Previous architecture at Ola Money
In this section, we look at the architectural patterns previously adopted at Ola Money to support our business requirements. Our database administrators (DBAs) were responsible for managing four self-managed MySQL clusters on Amazon Elastic Compute Cloud (Amazon EC2) instances and Amazon Elastic Block Store (Amazon EBS) volumes. We used licensed third-party cluster management and monitoring tools for managing the clusters’ topology and scaling database reader instances.
Ola Money had a stringent requirement for subsecond-latency write-heavy requests from the microservices as end-users initiate transactions, and read-heavy requests from business intelligence (BI) dashboards. To address this, we adopted a Command and Query Responsibility Segregation (CQRS) architectural pattern, which focuses on the clear separation of write and read operations with the help of ProxySQL, a layer 7 open source database proxy.
Ola data platform engineers are responsible for managing the data engineering platform components, including the data pipelines that use transaction log-based change data capture (CDC) to record changes made to data in MySQL database tables to power business intelligence dashboards that assist Ola business stakeholders in receiving updates in near real time. The key components of the data pipelines are as follows:
Maxwell, an open source CDC tool, is used to replicate data from MySQL using transaction logs for all tables, and data is streamed to self-managed Apache Kafka clusters
Kafka Connect plugins are used to deliver the data to the central data lake on Amazon Simple Storage Service (Amazon S3), an object storage service built to store and retrieve data from anywhere
The data gets further processed by hundreds of jobs deployed in Amazon EMR, a petabyte-scale platform for data processing, interactive analytics, and machine learning (ML) using open source frameworks, to update the data stores that power Ola business intelligence dashboards
The following diagram is the architectural representation of various components of the legacy solution.
Key challenges
Our DBA team faced multiple challenges in order to support our business and compliance requirements.
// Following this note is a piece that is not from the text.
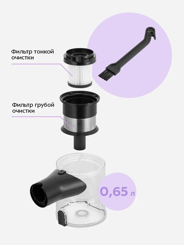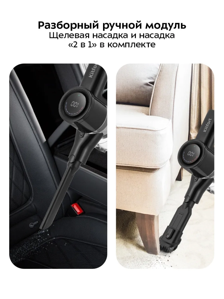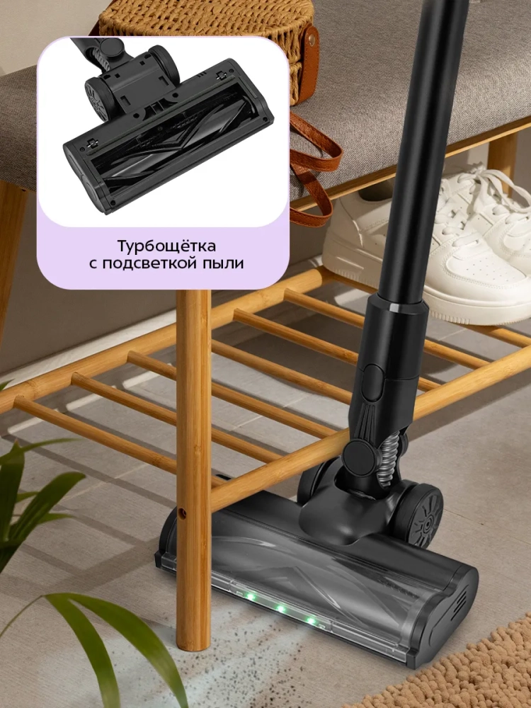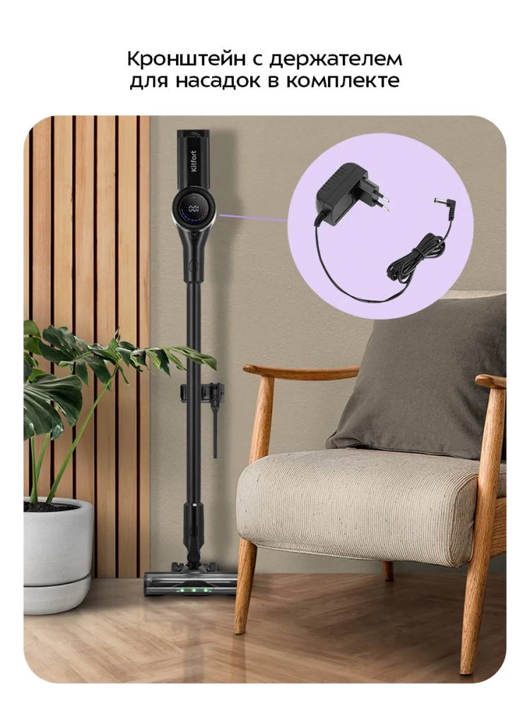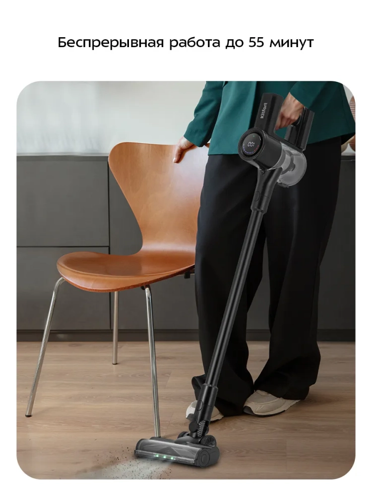 Вертикальный беспроводной ручной пылесос Kitfort КТ-5550 — это современное решение для эффективной уборки вашего дома. Этот мощный бытовой прибор сочетает в себе удобство и функциональность, обеспечивая высокую производительность благодаря аккумуляторному питанию. Пылесос оснащен маневренной напольной турбощеткой, которая легко справляется с уборкой под диваном и в других труднодоступных местах. Гибкая удлинительная трубка позволяет проникать даже в самые узкие уголки. Этот вертикальный пылесос может быть использован как ручной, что делает его универсальным помощником для дома и автомобиля. Благодаря отсутствию проводов, вы можете свободно перемещаться по всей квартире или даже использовать его на улице без ограничений радиуса действия. Пылесос Kitfort КТ-5550 имеет контейнер объемом 0,65 литра для сбора пыли, что упрощает процесс очистки устройства после использования. Время работы от аккумулятора составляет до 55 минут на низкой мощности, что достаточно для полноценной уборки помещения. Мощность устройства достигает 350 Вт благодаря бесщеточному двигателю постоянного тока (BLDC), который обеспечивает тихую работу с уровнем шума не более 78 дБ. Это делает его идеальным выбором для тех, кто ценит тишину во время уборки. Компактные размеры (240 х 210 x 1150 мм) позволяют хранить этот беспроводный пылесос практически в любом месте вашего дома без ущерба пространству.

In this section, we share the most critical requirements in detail.
Operational overhead
With the self-managed MySQL database architecture, over 40% of our DBA team’s productive time was regularly being consumed by undifferentiated heavy lifting tasks.
Firstly, we were in charge of monotonous activities, such as performing administrative tasks like patching and updating MySQL database libraries and plugins, taking regular backups, managing cluster topology and replication, setting up high availability, and more.
Secondly, we were responsible for security and compliance-focused activities:
We implemented additional security measures along with a table-level encryption technique and managed the encryption keys to adhere to compliance requirements. As a result, we had to recreate the complete database using the new keys for every node in every cluster whenever encryption had to be activated or key rotation was necessary every 6 months.
We used HashiCorp Vault, an open source software for secrets management, for creating, distributing, and managing the encryption keys, and self-managed EC2 instances.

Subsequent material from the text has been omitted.